Bu ay başında 2012 bütçesi, Genel Sağlık Sigortasıyla (GSS) birlikte yürürlüğe girdi. 2011 yılı bütçe açığının 33,5 milyar TL dolaylarında olduğu bilinmektedir. Yani devletin aktarıp dolduramadığı, boşaltıp yetiremediği 33,5 milyarlık açık gün gibi ortada durmaktadır. İşte bu açığın kapanması için 2012 yılı bütçesi yeni dolaylı vergilerle donatılmış ve ek olarak da GSS gibi gasp-soygun uygulamaları devreye sokulmuştur.
“GSS uygulamasının bütçe açığı ile ilgisi ne” diye düşünenler olabilir: Ülkede ortalama 7 milyon kişinin yeşil kartlı olduğu var sayılıyor ve devlet bu rakamı 2012 yılı sonuna kadar 1,6 milyon seviyesine çekmeyi hedefliyor. Dolayısıyla milyonlarca insan, GSS uygulaması ile birlikte 36 TL’den başlayıp 212 TL’ye varan sağlık primleri ödemek zorunda kalacak. Devletin tahakkuk ettireceği bu primler bütçede gelir olarak planlanıp, açığın kapanmasına hatta artıya geçmesine sebep olacak. Çünkü gelir kalemi artı işlerken 5 milyona yakın yeni yeşil kartsızlar topluluğunun da sağlık giderleri bütçeden silinmeye başlayacak. Rakamlarla anlatalım.

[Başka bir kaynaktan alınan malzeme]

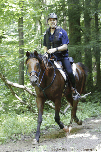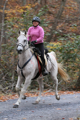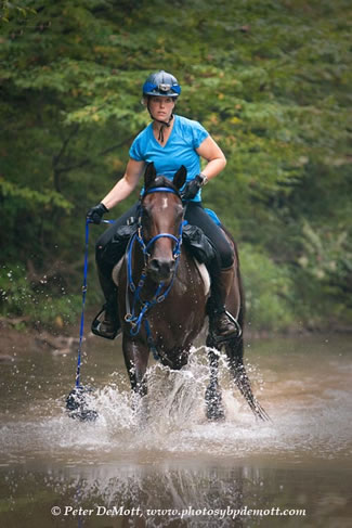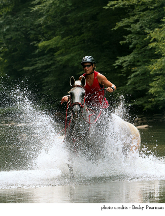 Photo from Cover Endurance News, May 2012 issue: Karen Bell (rider) of North Carolina is on her way to a top ten finish at last September's Canter Over the Mountain ride with her now-10-year-old Arabian gelding Prince Sam. Karen and Sam finished the 50-mile ride, held in West Virginia, in 9:51. Karen has 1,515 endurance and 515 LD miles; Sam has 1,250/55. Photo by Peter DeMott, www.photosbypdemott.com.

Devletin gelire göre kademelendirdiği primler, en düşük gelir grubundan en yükseğe doğru sıralayacak olursak, 36, 106 ve 212 TL’dir. Bunların ortalamasını alacak olursak 118 TL gibi bir rakamla karşılaşırız. Yine 5 milyon kişinin prim esasına tâbi olacağı düşünülürse aylık,
5.000.000 x 118 TL = 590.000.000 TL
Yıllık,
590.000.000 x 12 = 7.080.000.000 TL
Yani devlet bütçesinde yıllık 7 milyar 80 milyon lira gibi bir ek gelir kaleminin girmesi bekleniyor. Tabii yukarıda da söylediğimiz gibi yeşil kartların iptali sayesinde milyonlarca insanın ilaç ve sağlık giderlerinin de çıktığı var sayıldığında devlet bütçe açığının neredeyse 10-12 milyarını yok etmiş olacak. Bu da her zaman yapıldığı gibi başarı diye sunulacak.
Kişi, GSS’den ister faydalansın ister faydalanmasın bu sisteme kendi isteği dışında dâhil edilecek. Prim borcu olması durumunda sağlık hizmetinden faydalandırılmayacak, ancak borcu tahakkuk ettirilmeye devam edilecek.
Devletin kendi yasalarını işletmeyip yüz binlerce işçinin kaçak çalıştırılmasına göz yumup sermayedarlara kıyak geçmesi, bununla da yetinmeyip kaçak çalışan bu yüz binlerce işçiden bir de sağlık primi tahsil etmesi artık yüzsüzlüğün dik âlâsıdır.
Yukarıdaki rakamlarda bugüne kadar yeşil kart uygulamasından faydalanmamış ve herhangi bir sosyal güvenlik sistemine dâhil olmamış bireyleri hesabın dışında bıraktık. Görüldüğü gibi karşımızda açık soygunun bir örneği durmaktadır.
Sonuç olarak, sokağımızda, mahallemizde, işyerimizde, kısacası her yerde işçi ve emekçilere hükümetin “bu uygulamayla herkesin sağlık sistemine dâhil edilmek istendiği” yolundaki yalanını ifşa edip, amacın bütçe açığını kalem oyunları ile yok etmek olduğunu anlatmalıyız.
Toplanan bu primlerin sağlık alanında kullanılması şöyle dursun, kârlarını yükseltmeleri için sıfır maliyetli sermaye olarak kapitalistlere peşkeş çekileceği de dikkatlerden kaçırılmamalıdır. İşçilerin haklarını kaybetmemelerinin tek yolu örgütlülüklerini korumaktır!